The Great Moral Struggle of Dune
Dune is inherently difficult to condense because it contains fertile ground for debate on so many social issues that are relevant today, from environmentalism to xenophobia, free will to artificial intelligence, the morality of genetic editing to the distrust of powerful, supposedly benevolent institutions. If the entire breadth of the series can come down to a unifying theme–and I’m not really claiming it does, but if it can–then that theme is perhaps that of liberty vs. tyranny or free will vs. predestination.

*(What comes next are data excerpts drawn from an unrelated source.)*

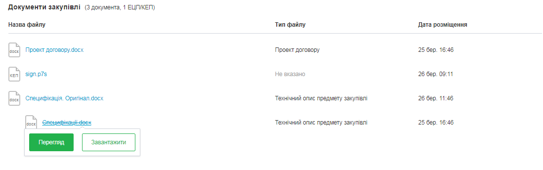 Відкриється список документів, які можна завантажити. Після ретельної перевірки наданих документів, замовнику необхідно прийняти рішення стосовно визначення переможця закупівлі.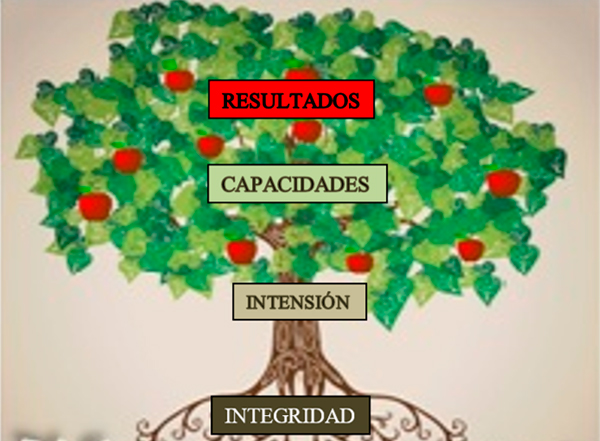 Un ejemplo para entender mejor las 4 dimensiones puede ser con la metáfora de un árbol, la Integridad esta debajo de la superficie, son las raíces que hacen posible el crecimiento de los otros tres, la Intención es el tronco que es más visible y nos lleva a la superficie, las Capacidades son las ramas y los Resultados son los frutos que son tangibles, medibles y evaluados por otros.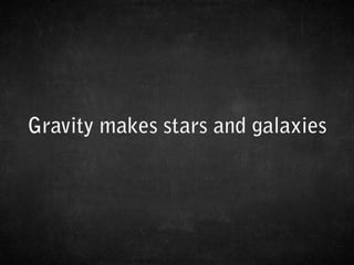 #19 In fact, gravity is the reason that there are galaxies and stars at all! Stars are formed when gas is attracted to other gas by gravity, and galaxies are formed when stars are attracted to each other, and to black holes, and to more gas, all by gravity!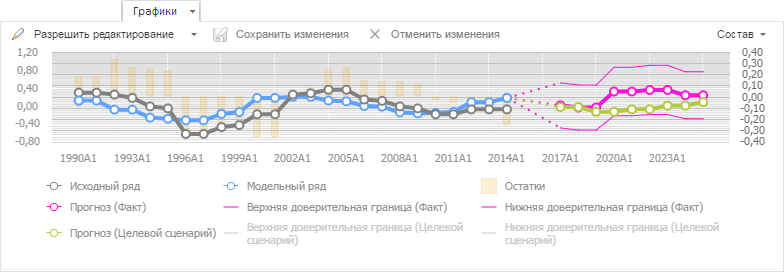 Количество и состав рядов, отображаемых на графике, зависит от того, какой объект выбран и используется ли сценарное моделирование. Дополнительную информацию об отображении графиков вы можете получить в разделе «Особенности отображения данных на графике».

For the majority of Dune, Paul Atreides is only dimly aware of the paramount nature of this conflict, because his abilities as the fabled Kwisatz Haderach sought by the Bene Gesserit breeding program haven’t yet fully awakened. From the beginning, he is plagued by a sense of impending doom, a feeling of “terrible purpose” he continuously alludes to. His slowly opening third eye warns him that there is danger and violence ahead no matter what path he takes, and that among other things he’ll have to choose the direction of that violence. In an effort to make the films digestible, more of Paul’s driving motivation is implied to be that age-old cinematic chestnut: Revenge for his slain father. But in the books, it’s more clear that a motivation as simple as “revenge” barely enters into the equation.

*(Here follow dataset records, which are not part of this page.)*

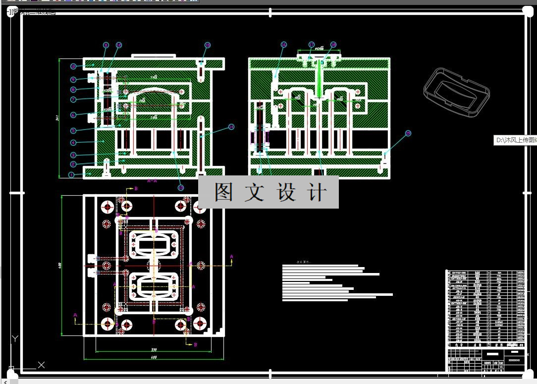盒盖是一模2腔,侧浇口,推杆退出,设计一起有模具三维,加二维的cad图,装配图,型芯,型腔,塑件图,说明书,全套资料全面,合理,尺寸标注详细。1459254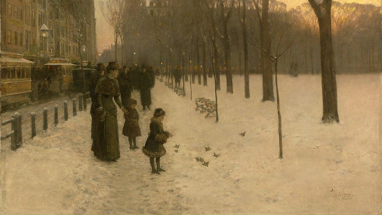 Spring on West 79th Street White Modern Wood Framed Art Print with Double Matting by Hassam, Childe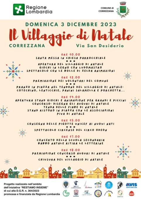 Domenica 3 dicembre apre il Villaggio di Natale. Dalle ore 11.00 alle ore 18.00 lungo via San Desiderio tante proposte per grandi e piccini per accendere l’atmosfera natalizia. Durante la giornata saranno premiati anche i volontari del Comune (ore 12), saranno consegnate le pigotte dell’Unicef ai nuovi nati (ore 15) e infine saranno premiati anche i vincitori del concorso “Auguri di Natale” (ore 18). Alle 17 arriverà Babbo Natale, a cui tutti i bambini potranno consegnare la propria letterina.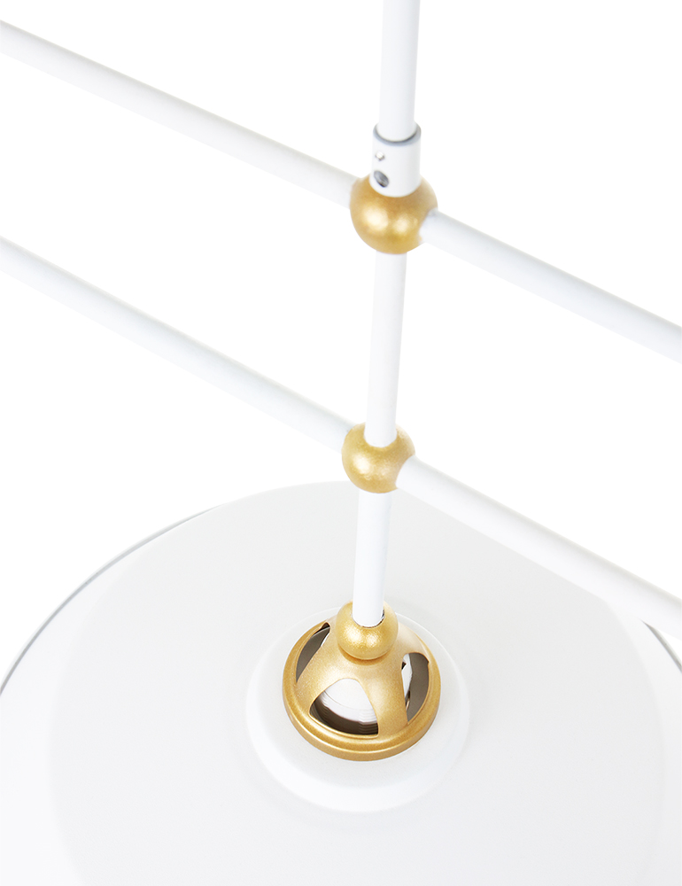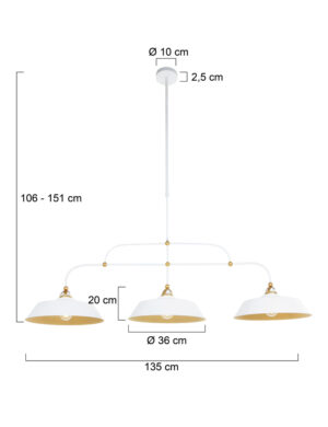 Erleuchten Sie Ihr Zuhause mit der Mexlite Nové Deckenleuchte in Weiß und Gold. Diese moderne Leuchte mit einem Durchmesser von 42 cm und einer verstellbaren Höhe von 106 bis 151 cm ist ein echter Blickfang. Sie wird ohne Leuchtmittel geliefert, akzeptiert jedoch E27-Glühbirnen und kann über einen externen Dimmer gesteuert werden. Die Mexlite Nové ist eine elegante Ergänzung für Ihr Interieur.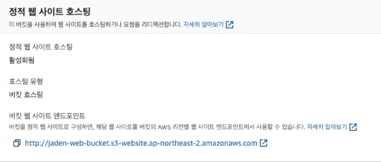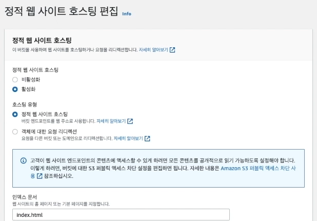 ( 버킷 -> 만든 버킷 선택 -> 속성 -> 정적 웹 사이트 호스팅)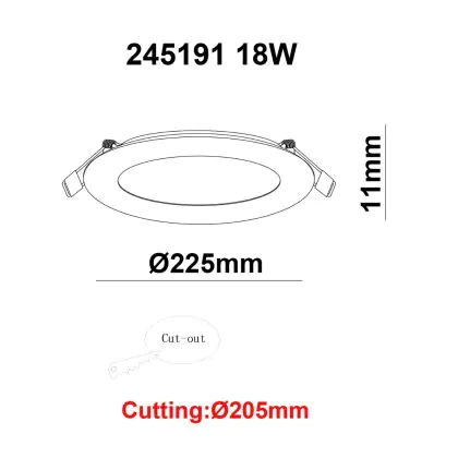 | Nome del fabbricante | White label LED Downlight Round UltraSlim 18W 1450lm 840 CutoutØ205mm FrameØ220mm | |

That isn’t to say Paul didn’t love Duke Leto Atreides, as he certainly idolized him as a young man growing up on Caladan. But Dune is a story about Paul’s awakening into an incomprehensibly wider world where he is bound by both the responsibility of leading large communities and, ultimately, the responsibility for the entire human species. We are seeing him progressively growing into a being for whom “love” is an increasingly abstract concept. As his abilities as the Kwisatz Haderach fully manifest, Paul’s consciousness is able to swim through ancestors going back to the dawn of man, and many possible futures. And when you can see and recall the sum total of human existence, emotion related to the present steadily begins to fall away from the process of decision making. It isn’t that empathy goes away, but instead that Paul develops more empathy for the species, and less for individuals as he sees the world from a 10,000 foot view.

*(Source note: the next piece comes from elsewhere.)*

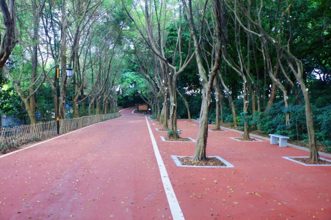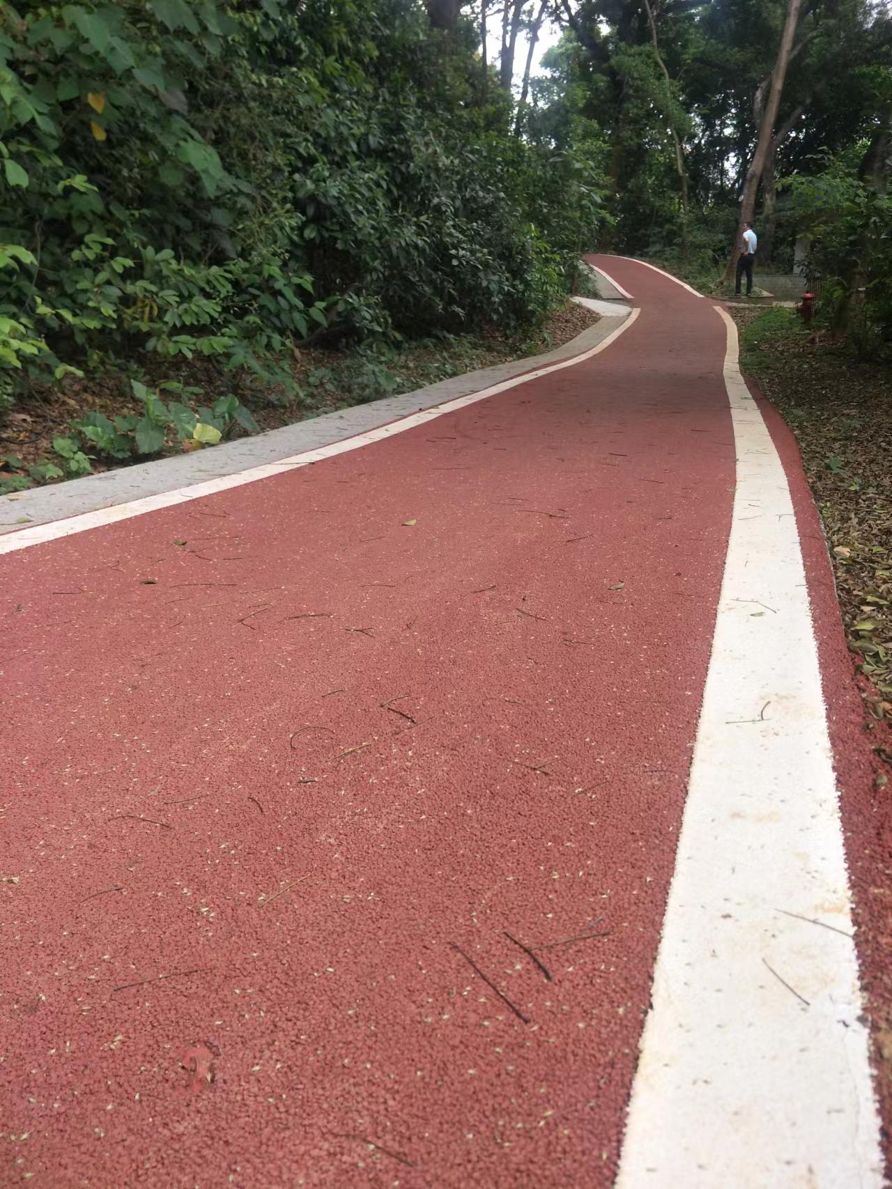 “以前这里是一片荒山野塘,每逢下雨就一片泥泞,周边的路上也总是积水,出行非常不方便。”家住誉山国际小区的居民梁伯说。在八方达历时3个月的打造下,终于可以投入使用,全程(除楼梯部份外)全程以透水混凝土铺装材料打造,具有高透水性、颜色艳丽、防滑耐磨、质感舒适,结合山中植被覆盖、绿树成荫、空气清新,已成为了附近居民周末游玩放松打卡的好去处。

And what Paul sees coming is horrifying, but only really touched on in the briefest of ways in Dune. Seeing Villeneuve’s film, one could come to the conclusion that the coming jihad–the film uses the term “holy war” to avoid Islamic scapegoating–is a conscious decision made by Paul to drench the galaxy in blood in avengement of his father, a childish tantrum to ransack the Imperium of Emperor Shaddam Corrino IV in response to the plot against Duke Leto. Paul’s Muad’Dib’s resistance to what are implied to be coming atrocities seems oddly shallow and inconsistent, while Villeneuve uses Chani throughout–to a degree almost hard to believe at times–to criticize his seeming thirst for nihilistic destruction.